Sunday, November 15, 2009
Filipino Beef Empanadas
I had a leftover baked potato that was sitting in the fridge. What to do?
I'm sure others may have thought of home fries or potato skins, but I thought of Filipino beef empanadas. These turnovers are encased in a flaky pastry dough and filled with a simple filling of beef, potatoes, and raisins. They are normally deep-fried, but they can be baked as well.
I didn't have time to make empanada dough, so I bought pre-made pie dough at the grocery store. It's not perfect, but it's certainly convenient. [Note: go here for a great empanada dough recipe.]
I also decided to bake the empanadas, and I learned something. My recipe below is delicious for frying, but I found the baked version a little dry. Next time around, I will add a little beef broth and a cornstarch slurry to the beef mixture, so the meat is a little juicy but not runny. Juicy is not good for hot oil, but would be favorable in the drying heat of the oven.
Considering that all the empanadas disappeared in a matter of minutes, I suppose I they were still tasty. But, next time, a moist and flavorful filling will be my goal.
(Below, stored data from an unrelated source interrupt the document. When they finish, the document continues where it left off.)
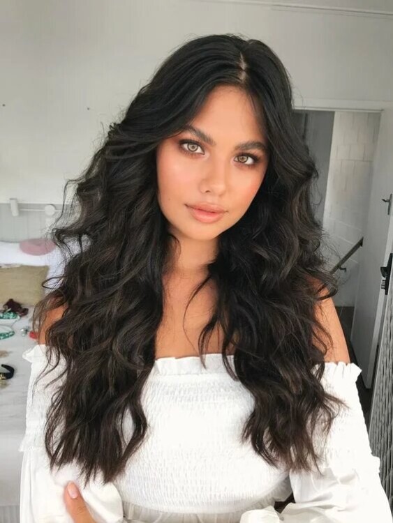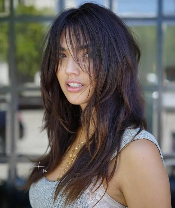 Каскад дивовижно виглядає на довгому волоссі. Світло-карамельні відблиски на темній базі візуально створюють ефект густоти, волосся виглядає натурально і по-осінньому тепло.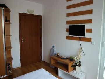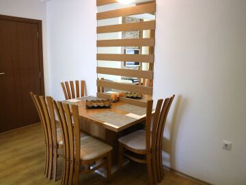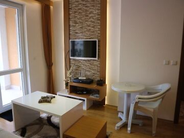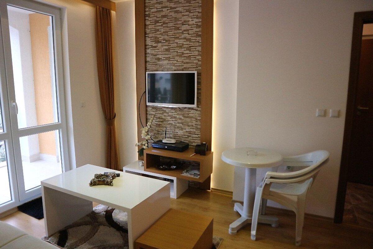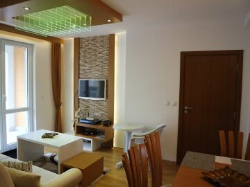 Апартаментът е изключително стилен и обзаведен с качествени мебели и електроуреди - състои се от антре, дневна с кухненски бокс, спалня, баня с тоалетна и тераса. Дизайнът на жилището е наистина впечатляващ - всичко е внимателно подбрано и перфектно съчетано.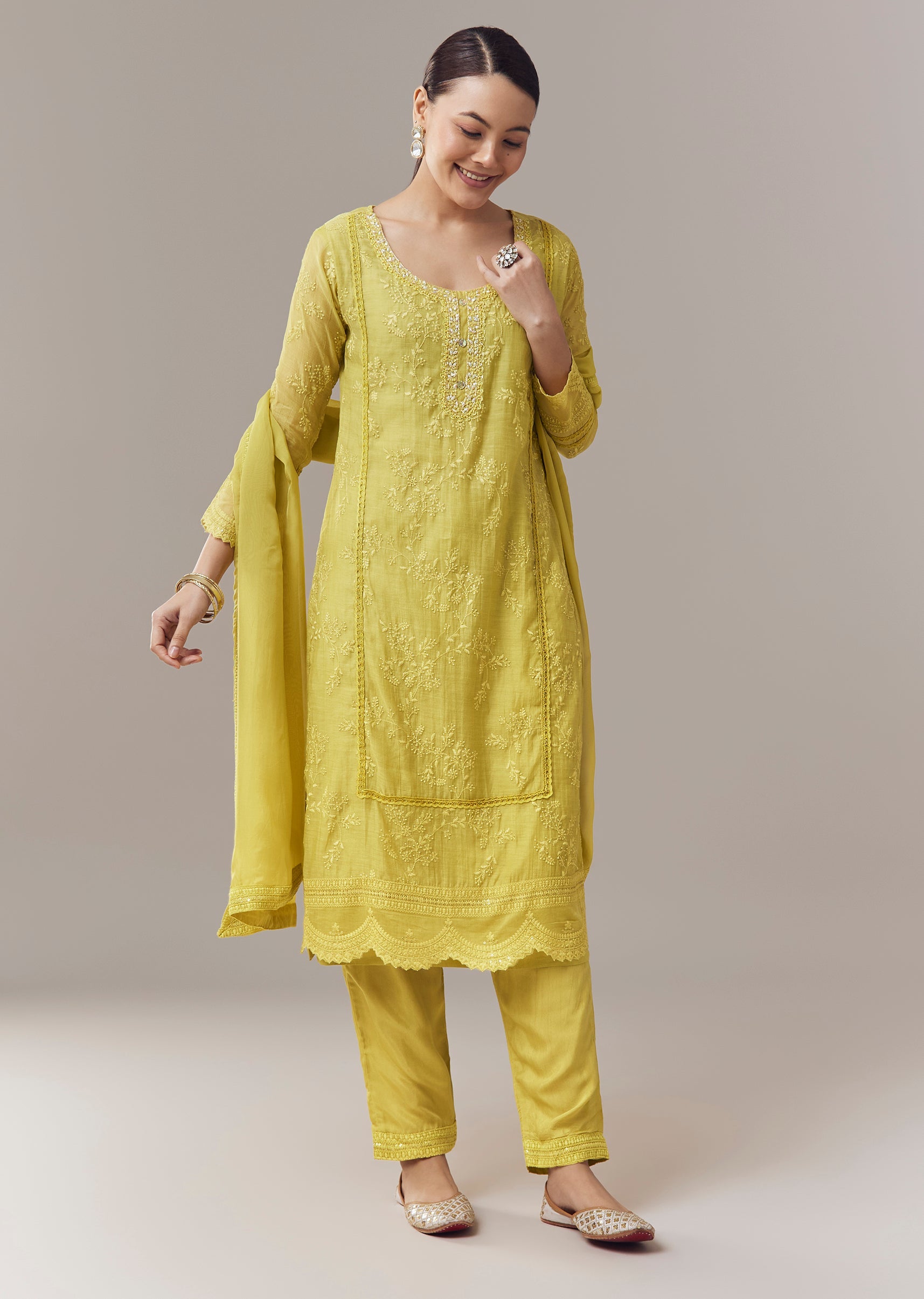 Lime Green Pakistani Style Kurta Set With Embroidery And Dupatta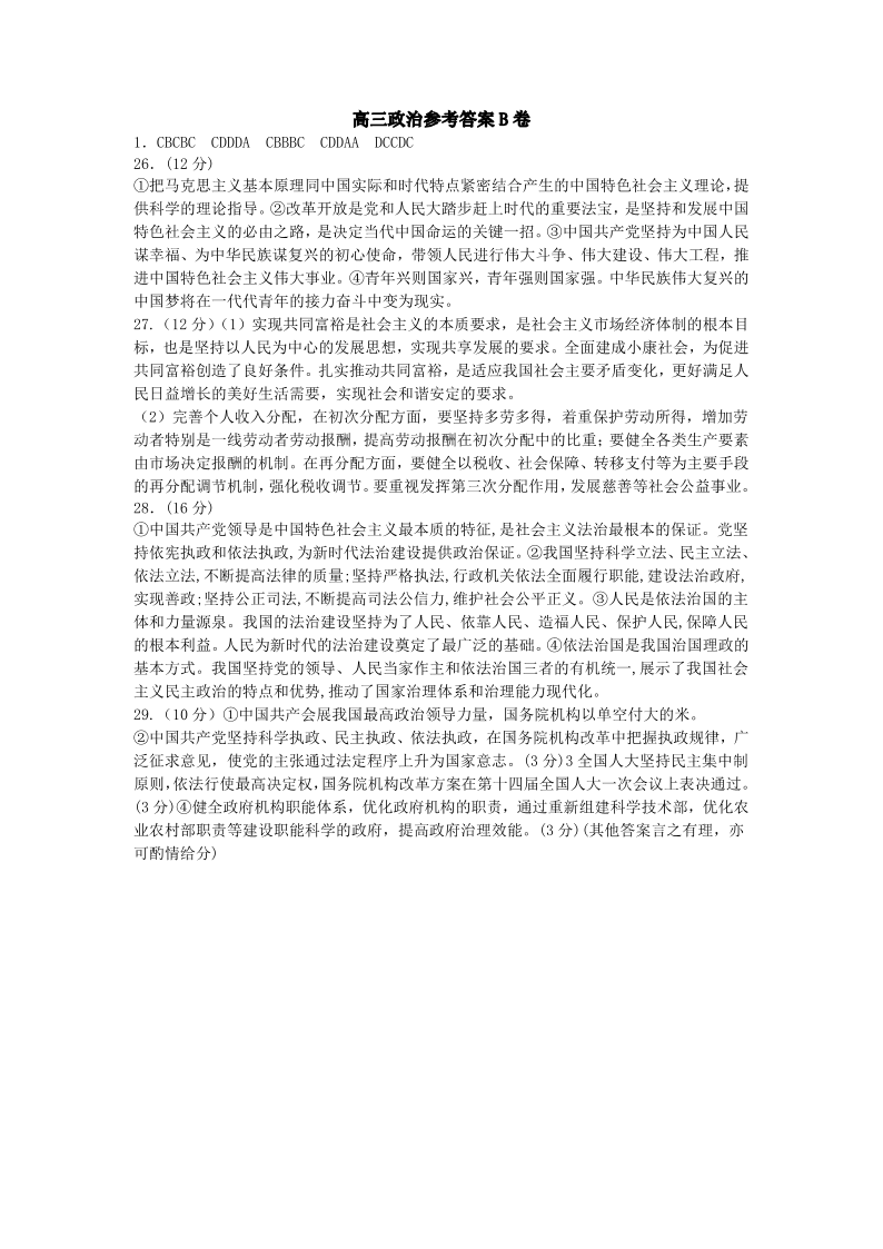 山西省运城市景胜学校(东校区)2024届高三上学期10月月考(B)卷政治答案

I used a 3-inch round cutter, so they were appetizer size -- empanaditas. Use 4- or 5-inch cutters to make regular size empanadas.
Filipino Beef Empanadas
1/2 lb. ground beef
1 medium potato, diced (I had a cooked potato, but you can use a raw one too.)
2 scallions, minced
2 garlic cloves, minced
Tomato paste or sauce (optional)
Salt & pepper
2 boxes Pillsbury pie dough (or make your own empanada dough)
3-4 inch round cutters
1 egg, beaten (this is your egg wash)
Heat a skillet over medium high heat. Add a little oil (about 1 tbs. or more) when hot. Add potato and season with paprika, cumin (just a little cumin as this is not a typical Filipino seasoning), kosher salt and pepper. When lightly browned, set aside. (If your potato is uncooked, add to the skillet and add a little beef broth or water and cook until tender.)
Add a little more oil and a little butter (1 tsp. each) to the skillet and turn heat down to medium. Add garlic and scallion and saute for a few turns of your spoon. Add ground beef and saute until browned. Sprinkle beef with paprika, soy sauce, salt, and pepper to taste. If you have some tomato sauce or tomato paste, add a spoonful to taste.
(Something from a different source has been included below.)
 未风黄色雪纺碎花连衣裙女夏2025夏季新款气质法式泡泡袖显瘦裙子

Add raisins to your liking and potatoes, and let cook with beef mixture for a couple minutes.
Now taste. Your filling should more intensely flavored than if you were going to eat it alone. Remember that the flavor has to come through with all the pie dough.
If you're going to fry your empanadas, put mixture in a strainer over a bowl and let cool. Don't throw away the strained liquid, because if you want your mixture to be wetter, you can add some the liquid back. If you're going to bake the empanadas, you may not want to strain it at all but keep it juicy.
Preheat oven to 400 degrees.
Unroll the pie pastry and roll a little thinner with a rolling pin to your liking. Cut out rounds (I got 12 rounds out of one pie crust). Fill each empanada with a teaspoon of filling, making sure you have some beef, potatoes, and raisins in the empanada. Encase filling with dough by folding over the dough over the filling and pressing the dough closed at the edges. Take a fork tine and press down along to the edges to seal. Place on a cookie sheet. Repeat with 2nd pie dough sheet.
Brush empanada tops with egg wash. Take a wooden skewer and poke a couple air holes in the tops of the empanadas.
Bake in the oven for 20 minutes or until golden brown. Remove from oven and let cool for a few minutes. Serve warm or at room temperature. Enjoy.